(WHAT NEEDS TO BE DONE):
Using the listing below, copy exactly the lines from the one containing "Оригинальная и яркая" to the one containing "Daniil Medvedev celebrates", both lines included, and no others.

(INPUT MATERIAL):
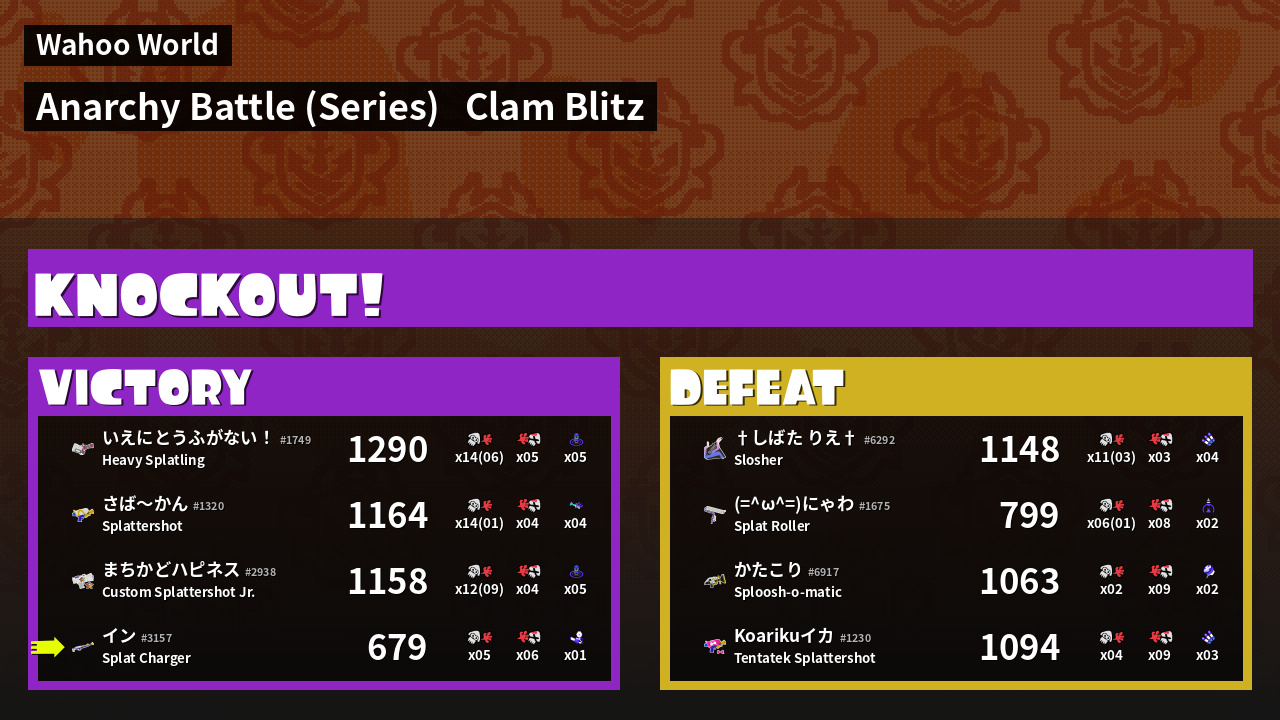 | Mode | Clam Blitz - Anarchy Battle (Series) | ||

* * *

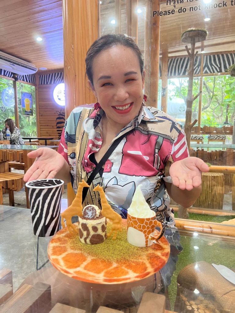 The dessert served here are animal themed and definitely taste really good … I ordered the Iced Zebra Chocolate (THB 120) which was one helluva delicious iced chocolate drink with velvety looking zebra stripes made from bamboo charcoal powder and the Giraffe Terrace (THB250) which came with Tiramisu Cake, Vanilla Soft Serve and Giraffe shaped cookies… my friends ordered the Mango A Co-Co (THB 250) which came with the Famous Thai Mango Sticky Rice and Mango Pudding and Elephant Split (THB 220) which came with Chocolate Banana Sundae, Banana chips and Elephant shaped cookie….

---

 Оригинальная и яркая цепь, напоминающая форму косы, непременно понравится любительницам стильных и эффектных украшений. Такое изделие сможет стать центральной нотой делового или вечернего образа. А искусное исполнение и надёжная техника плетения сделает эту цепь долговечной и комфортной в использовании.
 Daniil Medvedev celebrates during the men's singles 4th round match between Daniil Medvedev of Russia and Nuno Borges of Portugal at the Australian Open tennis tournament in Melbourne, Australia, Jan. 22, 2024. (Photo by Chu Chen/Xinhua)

(COMPLETED TASK):
 Оригинальная и яркая цепь, напоминающая форму косы, непременно понравится любительницам стильных и эффектных украшений. Такое изделие сможет стать центральной нотой делового или вечернего образа. А искусное исполнение и надёжная техника плетения сделает эту цепь долговечной и комфортной в использовании.
 Daniil Medvedev celebrates during the men's singles 4th round match between Daniil Medvedev of Russia and Nuno Borges of Portugal at the Australian Open tennis tournament in Melbourne, Australia, Jan. 22, 2024. (Photo by Chu Chen/Xinhua)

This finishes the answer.